So I'm 17 year old male in High School. One would think that romance and chasing after the <s>opposite</s> same sex would form a major part of my life. Well it doesn't. Sure, I've been in relationships. Most of them weren't any kind of serious and the one that was was a fiasco that I never wanted to be in in the first place. But I've always been more of a brainiac and I'm fairly socially awkward. And I've never had enough self-esteem to think of myself as any kind of "dateable".
Tonight I went to the movies with a friend of mine, an event I explained in the BKO Hangout Thread. I assure you the post is fit to post in open forum:
So tonight, in what could possibly be called the closest thing to date I have ever been on, I saw a movie with a friend of mine. We held hands for a good majority of the movie, but I don't think that meant anything; he just does that. It wasn't a romance, it was a musical- Fame. 'Twas good.
The moment he sent me the text message asking if I'd like to see the movie, I thought "Is this a date?" I felt like it was going to be pretty casual, but I shaved and put on a polo shirt just to be safe. So he and I went and saw the movie. We each paid for our own tickets (we got there at separate times) and there wasn't enough time to get popcorn or anything. I operated as if it were just like going to see a movie with friends. Except it was just the two of us. As I mentioned earlier, we did hold hands, but it wasn't because of spontaneous romance. At least, I don't think it was.
I'll digress a bit, to explain my belief on why the hand-holding wasn't particularly significant. Yesterday was my school's homecoming. I sat with a group of friends that included this person. It was the first time I had ever really significantly communicated with him. He's a nice guy. He did such things as putting an arm around my shoulder or holding my hand, in an obvious joking manner. I assumed it was in the same joking manner that we held hands for half of movie. Of course, I could be insanely naive. But this just isn't something I've ever had to think about before.
Anyway, we watched the movie, making several hushed humorous remarks, comments on the plot and the cast (like, for example, how the alleged "High School Freshmen" who looked to be about 23.) After the movie we chatted while waiting for our rides and then we hugged goodbye. Both of us are huggy people.
After I got home he texted me saying quote "I would call that a date, right. Lol." There goes my "just hanging out" theory. He and I have since decided that it was an "unofficial" date. His facebook status mentions that he "enjoyed Fame and his (unofficial) date :-)".
Well.
Just the thought of dating makes me feel pretty apprehensive. I feel like I would be unable to socially commit myself to a person. I don't know how to be romantic. I just imagine myself being awkward and embarrassing. At the same time, I can't say I wouldn't mind dating the guy. He's a fun fellow. Very happy.

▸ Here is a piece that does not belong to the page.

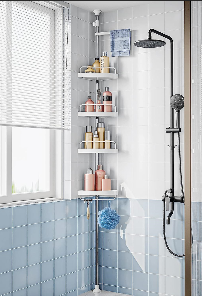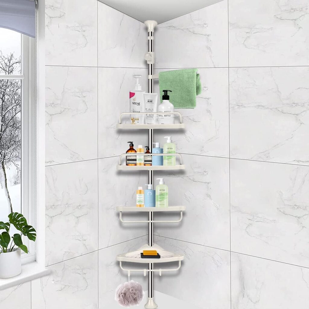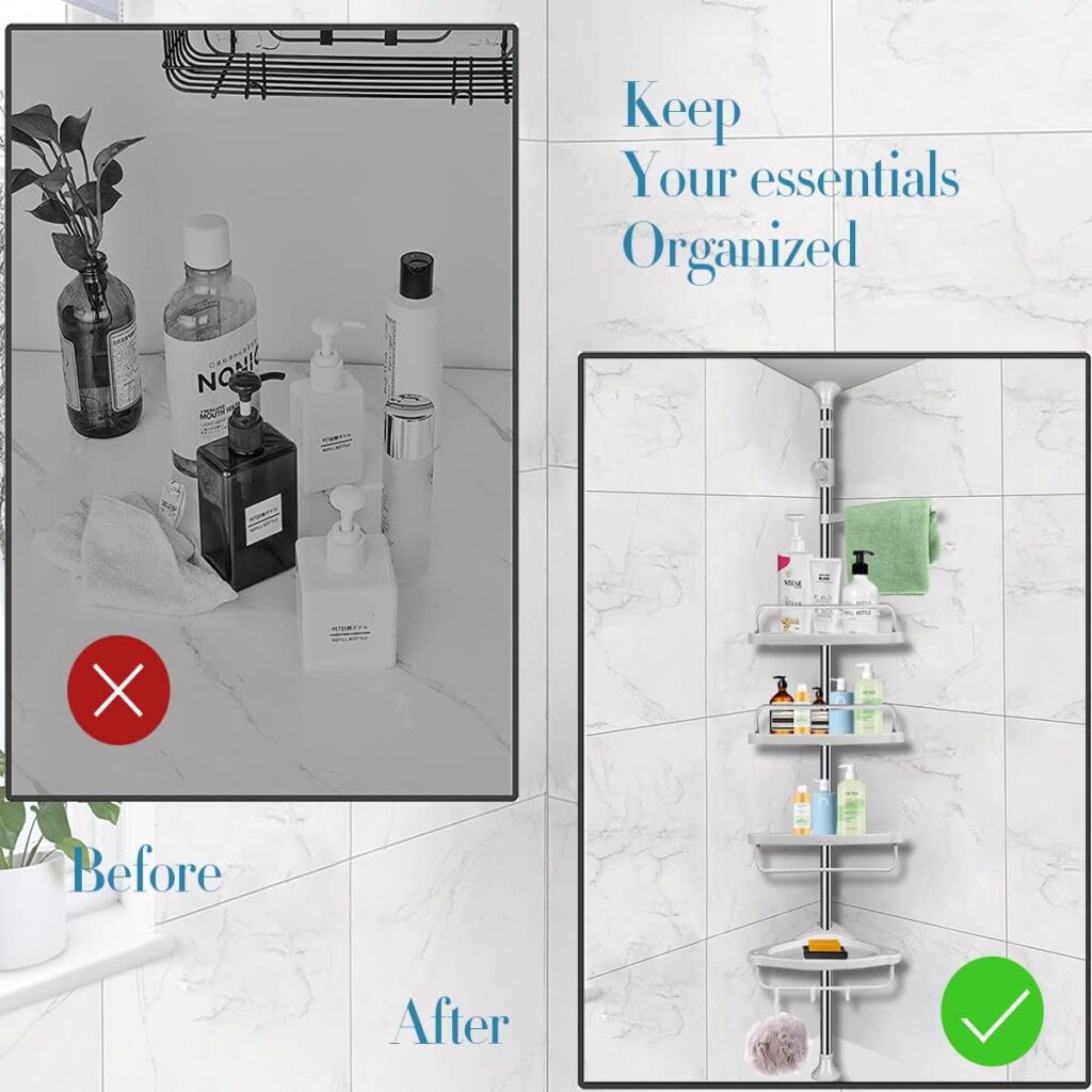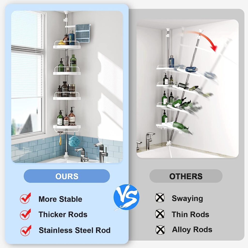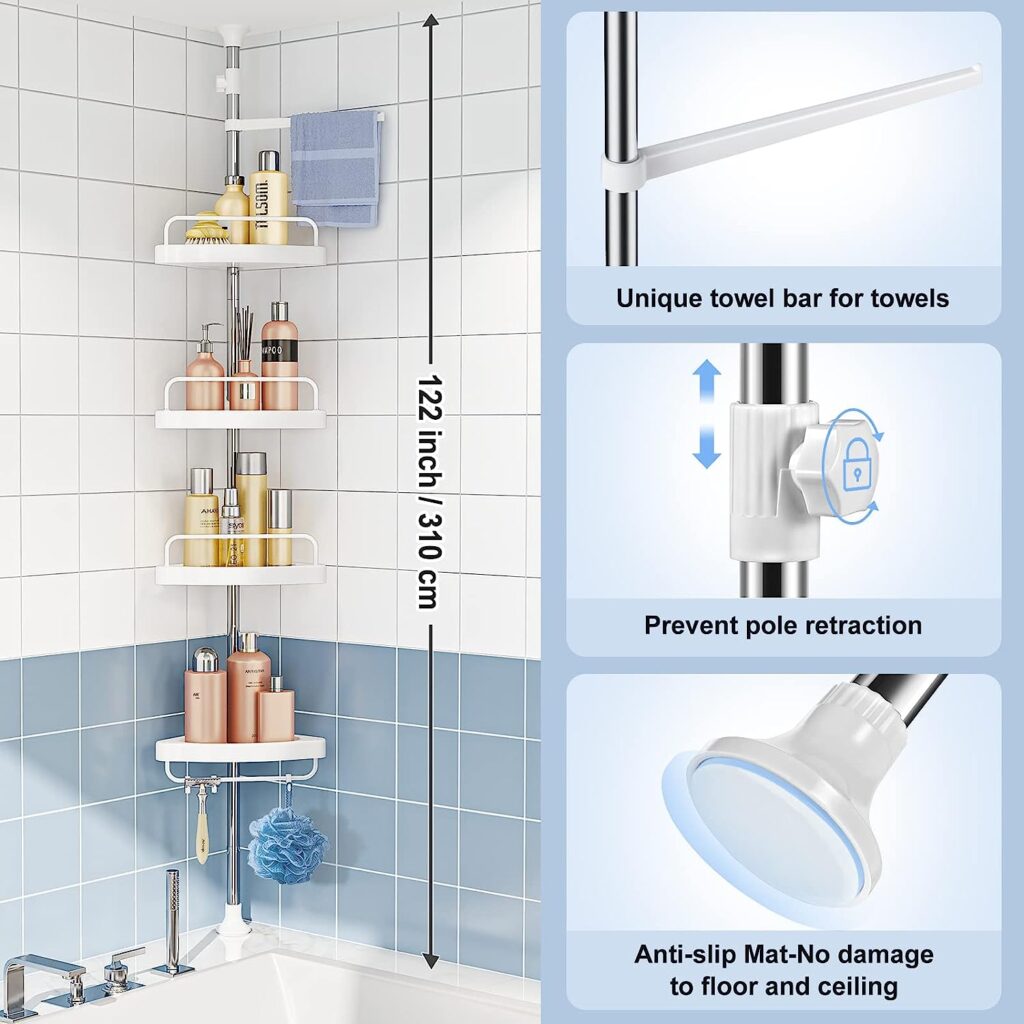Made of sturdy 304 stainless steel, which can effectively prevent pole from rusting. The open silicone ring makes it easier to adjust and install the corner shower shelf, to make room for tall bottles and to accommodate bottles of various sizes.Â

Of course, I could be completely overreacting. He could have absolutely no intention of making anything serious out of it. I don't even know if I want to make something serious out of it. Of course, I don't have the kind of initiative to make the move myself. >.>
My point is that suddenly I have to think about relationships and dating. About how I look and how I act and if I'm being an adequate enough boyfriend. I'm more comfortable about the whole dating thing than I was in Freshman year, but I'm still very apprehensive about the whole thing.
If anything comes of this situation, I shall keep you updated. Because I know you're all so interested about my relationship status.